In our study, rates varied between 24% and 47%, a complication that may be prevented by reducing the time to insertion of V-A ECMO. Additionally, ECMO infection prevention may be achieved by performing an accurate procedure. Nonetheless, vascular complications such as haemorrhage and limb ischaemia, seen in 8.5% of the included patients in our study, had similar rates, as reported in the literature.

5. Conclusions

Our study has its limitations and strengths. We performed a systematic literature search and a detailed survival analysis. However, our study could only identify observational studies. Additionally, sample size was relatively small, and data were not fully reported.
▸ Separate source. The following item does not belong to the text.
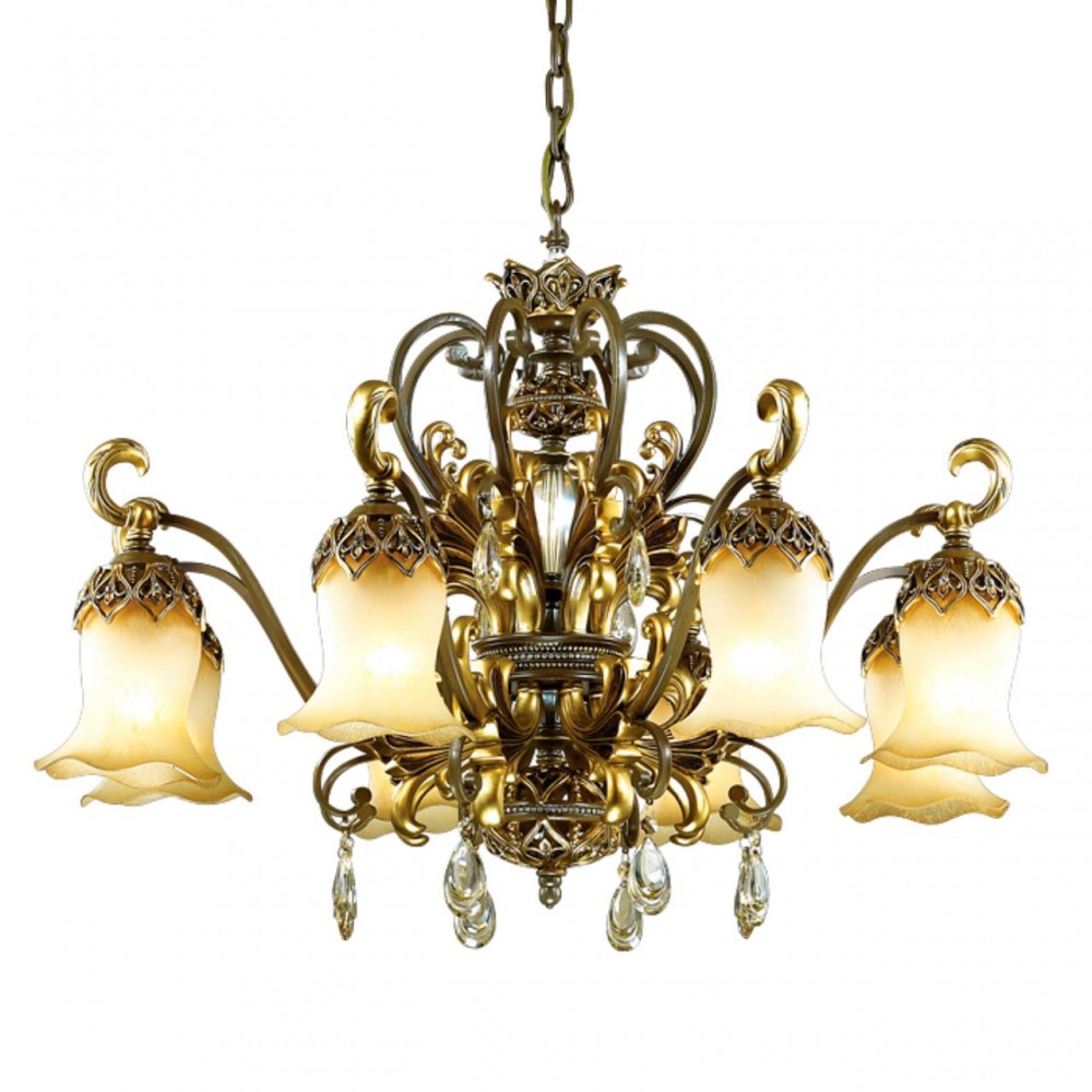 Люстра 2802/8 линии Safira роскошна в каждом декоративном элементе. Богатство и изящество лепных элементов, украшающих основание, резных розеток, которыми обрамлены фигурные плафоны из матового стекла, переливающийся хрусталь, а также благородный цвет античной бронзы и золота - все это делает люстру необычайно величественной, изысканной и роскошной. Цоколь E27. Мощность 8*60W. Нет ламп в комплекте.

We could not exclude publication bias of original studies, as authors who did not register positive results on ECMO, or did not find any effect at all, were less likely to publish their results.

V-A ECMO for patients with acute myocardial infarction-induced cardiogenic shock represents a temporary support that provides benefits compared to standards of care, being an upgradable device for advanced life support that could assure a higher survival rate.